The grip upon his hair now turned his pendulum-head around, and now he saw the High Lord Draffut’s face. It was a countenance of enormous ugliness and power, more beast than human certainly, but gentle in repose. And now Chup saw that in his other hand the Beast-Lord held like a doll the nude and headless body of a man. Like a child washing a doll he held the body down, continually dipping and washing it in the Lake of Life. With the splashing and the motion the brilliance of the liquid intensified into soft explosions of color, modulating in waves of light the steady gentle lumination of the air inside the cave.

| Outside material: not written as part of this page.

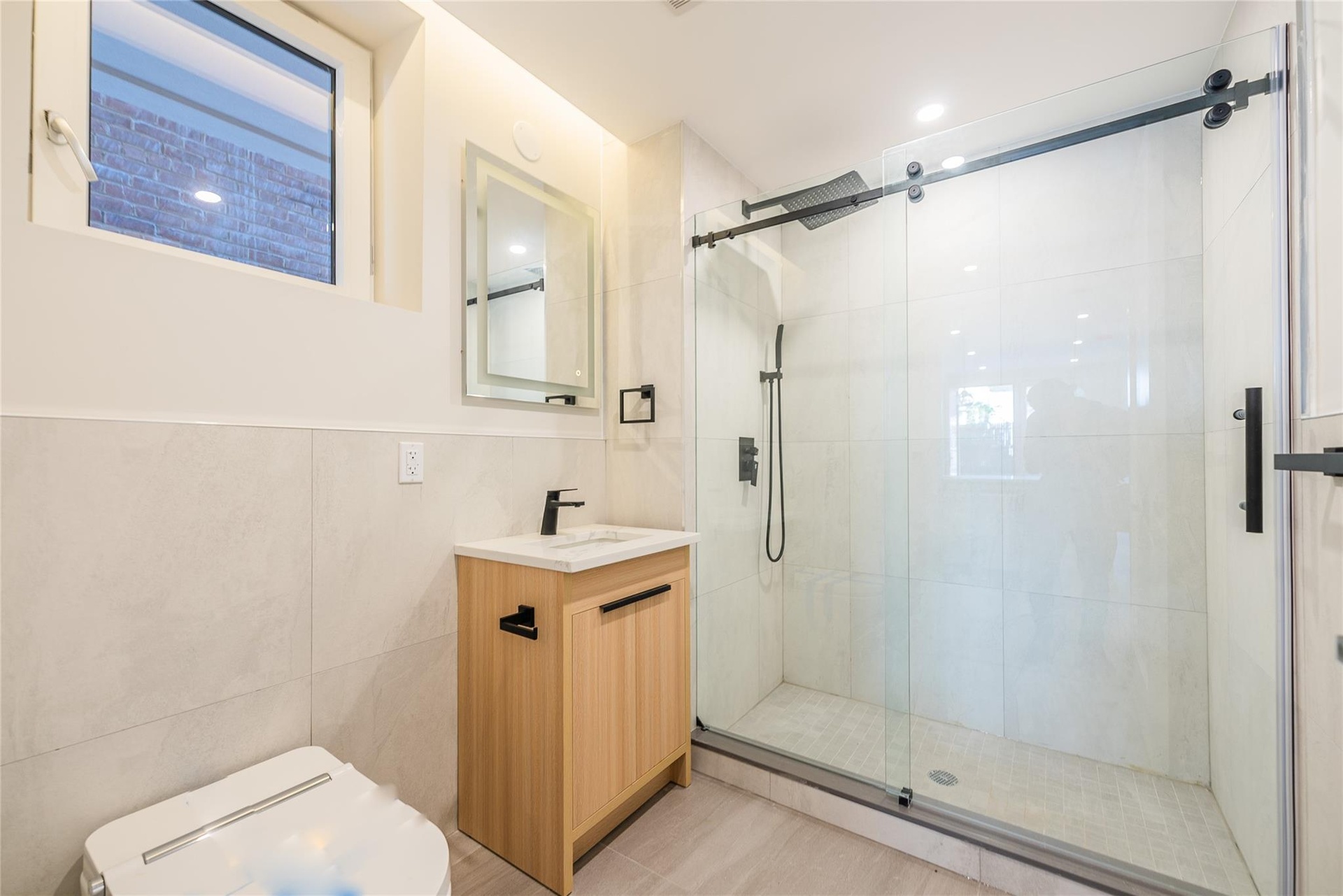 - Bathroom featuring tile walls, vanity, a shower stall, and toilet

And now, in his enormous shaggy hand, very like a human hand in shape but far more powerful and beautiful, the High Lord Draffut raised the headless thing and like a craftsman turned it for his own inspection. Like that of one newborn, or newly slain, the muscular body writhed and floundered uncontrolled. On its skin Chup could count his old scars, like a history of his life. He marked the jaggedness of the neck stump, where Charmian had hacked and sliced unskillfully. From its severed veins the elixir of the lake came pumping out like blood, and tinged with blood.
The hand that held Chup’s head up by its hair now shifted its grip slightly. Turning his eyes down once again, he beheld his own headless, living body being brought up close beneath his head. Its hands grasped clumsily, like a baby’s, at Draffut’s fur when they could feel it. Closer the raw neck stump came, till Chup could hear the fountaining of its blood vessels. And closer yet, until there came a pressure underneath his
chin—
His head had not been breathing, nor felt any need to breathe; now there came a choking feeling, but it entailed no pain. It ended as the first rush of lung-drawn air caught coldly in his mouth and throat. Then with a sharp tingle came the feelings of his body, awareness of his fingers clutched in fur, of his feet kicking in the air, of the gentle pressure of the great hand closed around his ribs.
That hand now bore him down, to immerse him completely in the lake once more. Once he was below the surface, his breathing stopped again, not by any choking or impediment but simply because it was not needed there. A man plunged into clearest, purest water would not call for a cup of muddy scum to drink; so it was that his lungs made no demand for air. Then in two hands Chup was lifted out, to be held high before an ugly, gentle face that watched him steadily.
“I came—” Chup began to speak with a shout, before he realized there was no need for loudness. The lake gave the impression of filling all the cave with waterfall-voices, as sweet as demons’ noise was foul, but yet in fact a whisper might be heard.
“I came as quickly as I could, Lord Draffut,” he said more normally. “I thank you for my life.”
“You are welcome to what help I have to give. It is long since any thanked me for it.”The voice of Draffut, deep and deliberate, was fit for a giant. His hands turned Chup like a naked babe undergoing a midwife’s last inspection. Then Draffut set him, still dripping with the lake, upon a ledge that—Chup now saw—ran all the way around the cavern. This ledge, and the huge cave’s walls and curving roof, were of some substance dark and solid as the goblet in which the demon had brought him his healing draught long days ago. The ledge was at a level but little higher than the surface of the lake. Seeing at a distance was difficult in the cavern’s glowing air, but at its farthest point from Chup the ledge seemed wider, like a beach, and there were other figures moving on it, perhaps of other beasts who tended other men.